__What is expected__.
In your reply, repeat the full listing exactly and leave each picture out.

__Data excerpt__.
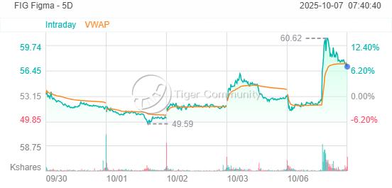 Figma股票表現尤其亮眼,盤中一度上漲16.4%,最終收漲7.4%。
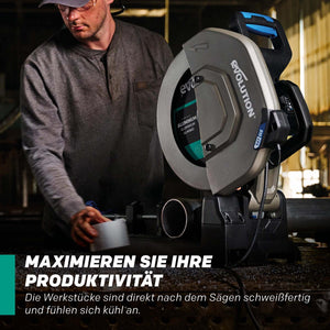 Perfekte Kombination: Optimiert für alle Metalltrennsägen, aber entwickelt für maximale Leistung in Kombination mit der Evolution S355MCS Gehrungssäge und der S355CPS Trennsäge – für beste Ergebnisse in der Aluminiumbearbeitung.
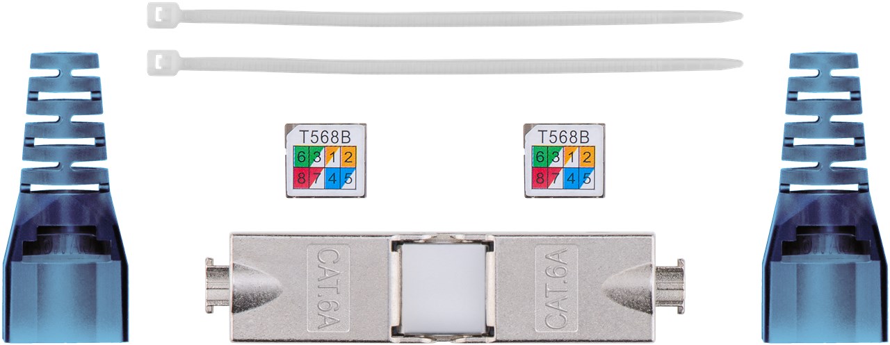 • Geschirmter Kabelverbinder (STP) zur Verlängerung oder Verbindung von 2x LAN-Installationskabeln
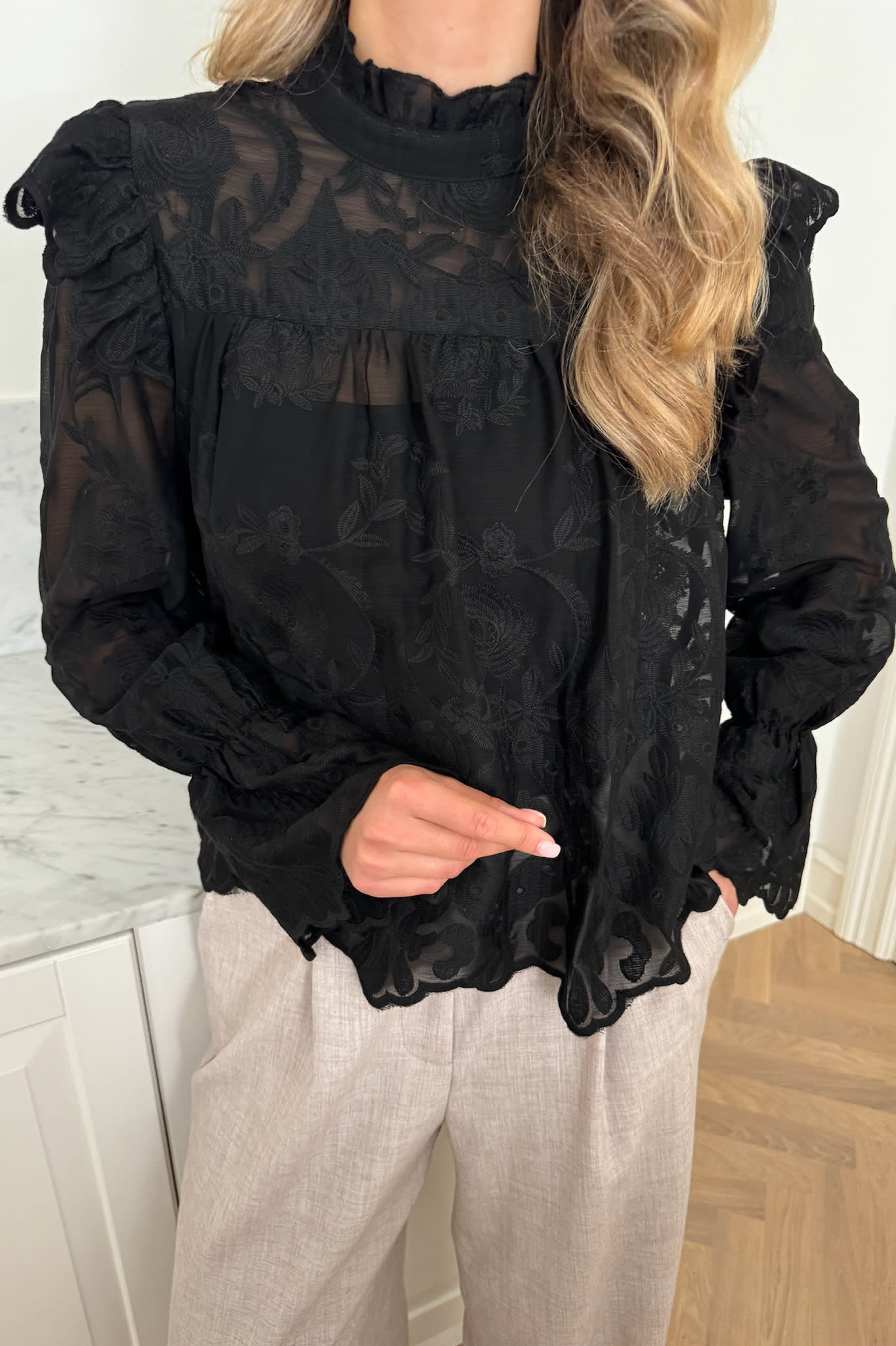 An elegant black lace shirt with a relaxed fit and refined frill details. The sleeves are finished with ruffled edges and an elastic cuff, giving them a softly puffed look. Delicate frills also decorate the shoulders and the high collar, adding a sophisticated and feminine touch. The shirt fastens at the back of the neck with a small button.

__Response area__.
 Figma股票表現尤其亮眼,盤中一度上漲16.4%,最終收漲7.4%。
 Perfekte Kombination: Optimiert für alle Metalltrennsägen, aber entwickelt für maximale Leistung in Kombination mit der Evolution S355MCS Gehrungssäge und der S355CPS Trennsäge – für beste Ergebnisse in der Aluminiumbearbeitung.
 • Geschirmter Kabelverbinder (STP) zur Verlängerung oder Verbindung von 2x LAN-Installationskabeln
 An elegant black lace shirt with a relaxed fit and refined frill details. The sleeves are finished with ruffled edges and an elastic cuff, giving them a softly puffed look. Delicate frills also decorate the shoulders and the high collar, adding a sophisticated and feminine touch. The shirt fastens at the back of the neck with a small button.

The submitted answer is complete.